Your assignment: For the records below, output word for word the lines from the one with "为充分展现当代青年爱党、爱国" up to and including the one with "Framer landing page". No pictures.

Source records:
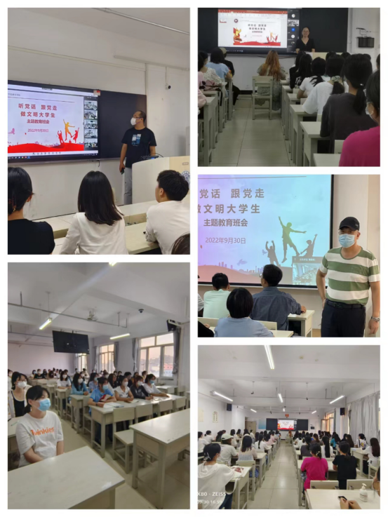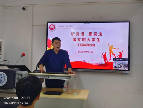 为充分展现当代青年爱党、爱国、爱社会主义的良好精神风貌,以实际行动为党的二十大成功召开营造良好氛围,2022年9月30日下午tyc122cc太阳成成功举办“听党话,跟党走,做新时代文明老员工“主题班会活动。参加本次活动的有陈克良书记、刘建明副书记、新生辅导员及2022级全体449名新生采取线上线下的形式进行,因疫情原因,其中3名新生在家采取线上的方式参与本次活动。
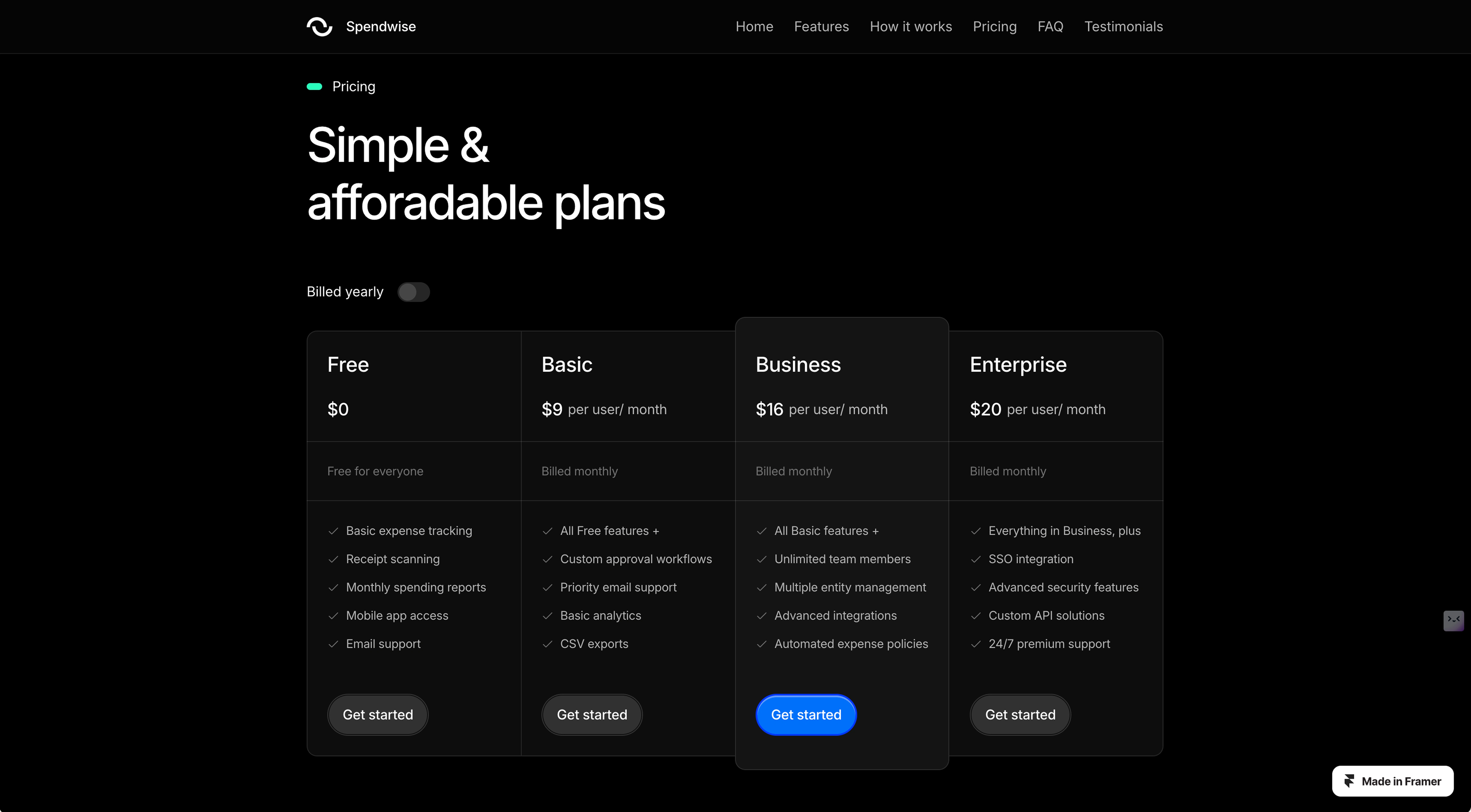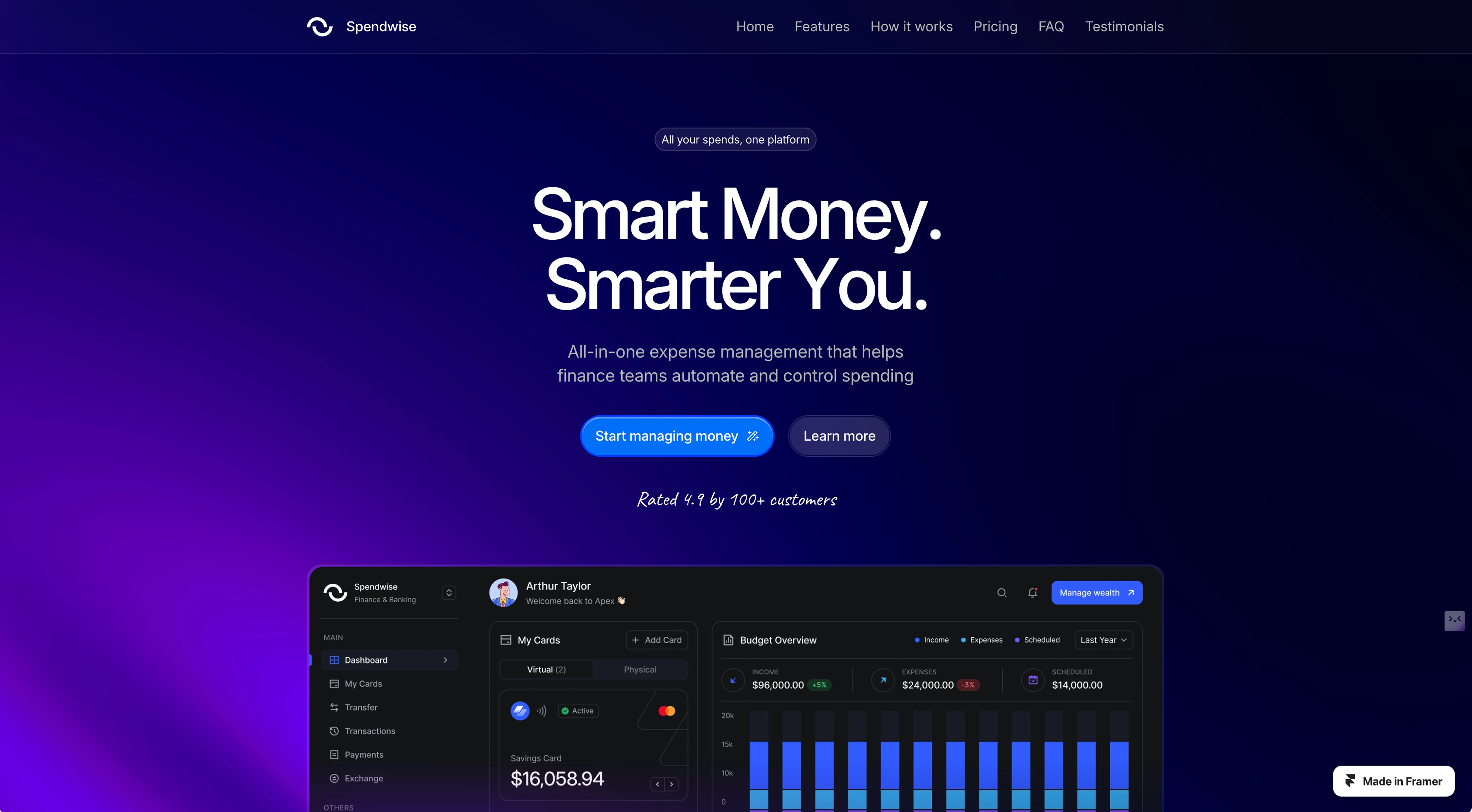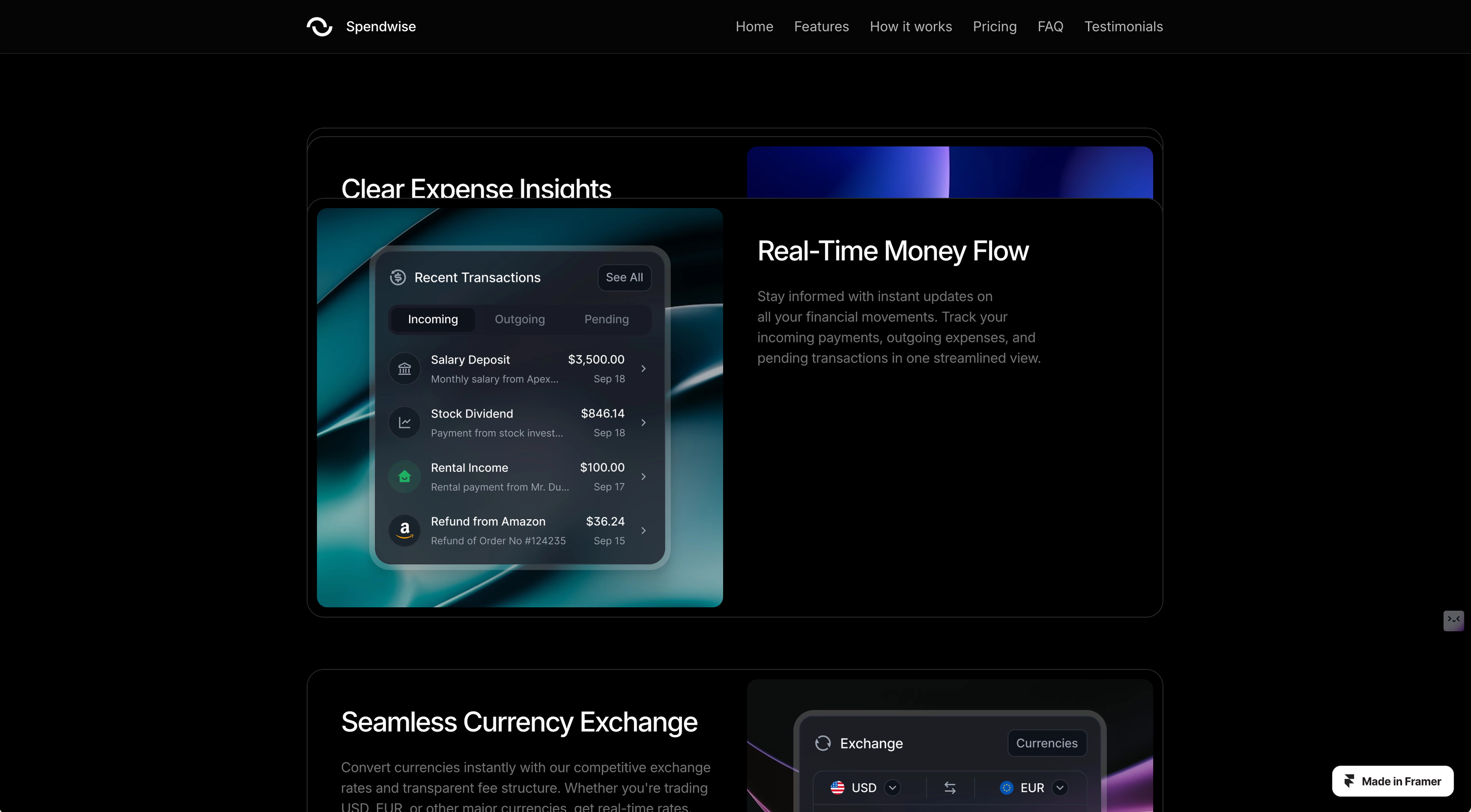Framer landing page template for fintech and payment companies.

==

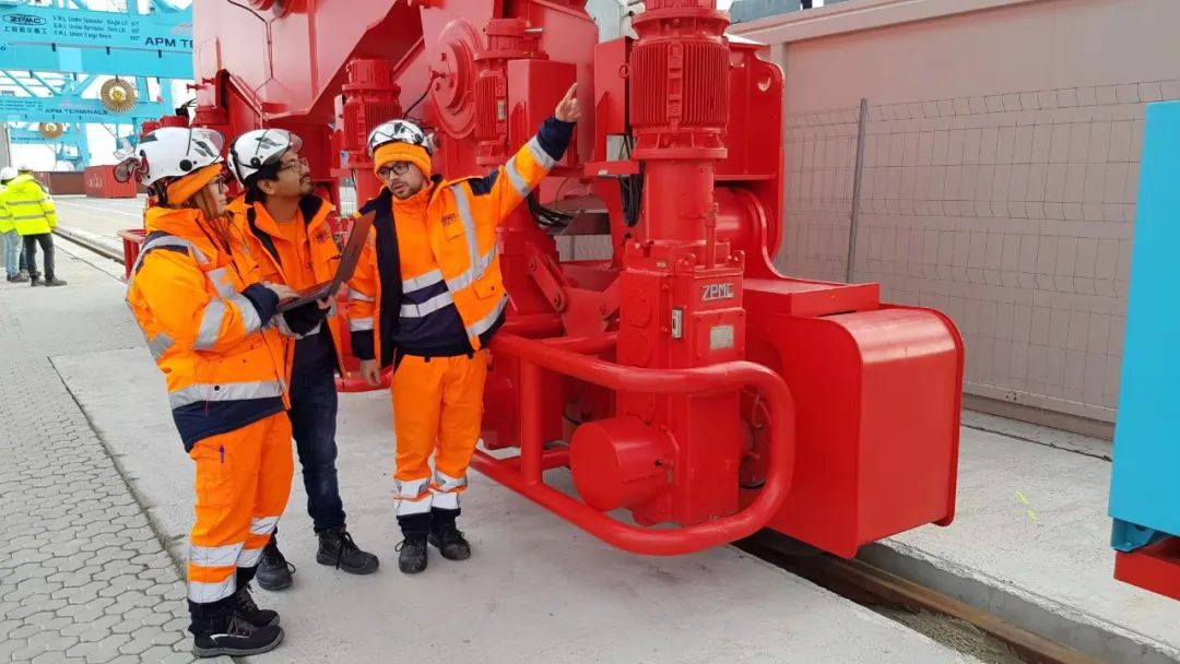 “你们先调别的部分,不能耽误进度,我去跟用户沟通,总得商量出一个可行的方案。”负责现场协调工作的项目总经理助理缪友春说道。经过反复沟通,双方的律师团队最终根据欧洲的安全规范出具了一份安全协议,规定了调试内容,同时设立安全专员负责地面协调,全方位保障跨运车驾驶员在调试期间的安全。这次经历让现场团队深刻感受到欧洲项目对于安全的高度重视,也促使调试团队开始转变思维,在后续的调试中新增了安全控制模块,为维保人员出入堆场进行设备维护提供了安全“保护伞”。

--

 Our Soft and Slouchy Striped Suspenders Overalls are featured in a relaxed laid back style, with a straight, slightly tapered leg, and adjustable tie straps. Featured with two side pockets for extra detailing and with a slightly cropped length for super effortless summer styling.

Response area:
 为充分展现当代青年爱党、爱国、爱社会主义的良好精神风貌,以实际行动为党的二十大成功召开营造良好氛围,2022年9月30日下午tyc122cc太阳成成功举办“听党话,跟党走,做新时代文明老员工“主题班会活动。参加本次活动的有陈克良书记、刘建明副书记、新生辅导员及2022级全体449名新生采取线上线下的形式进行,因疫情原因,其中3名新生在家采取线上的方式参与本次活动。
Framer landing page template for fintech and payment companies.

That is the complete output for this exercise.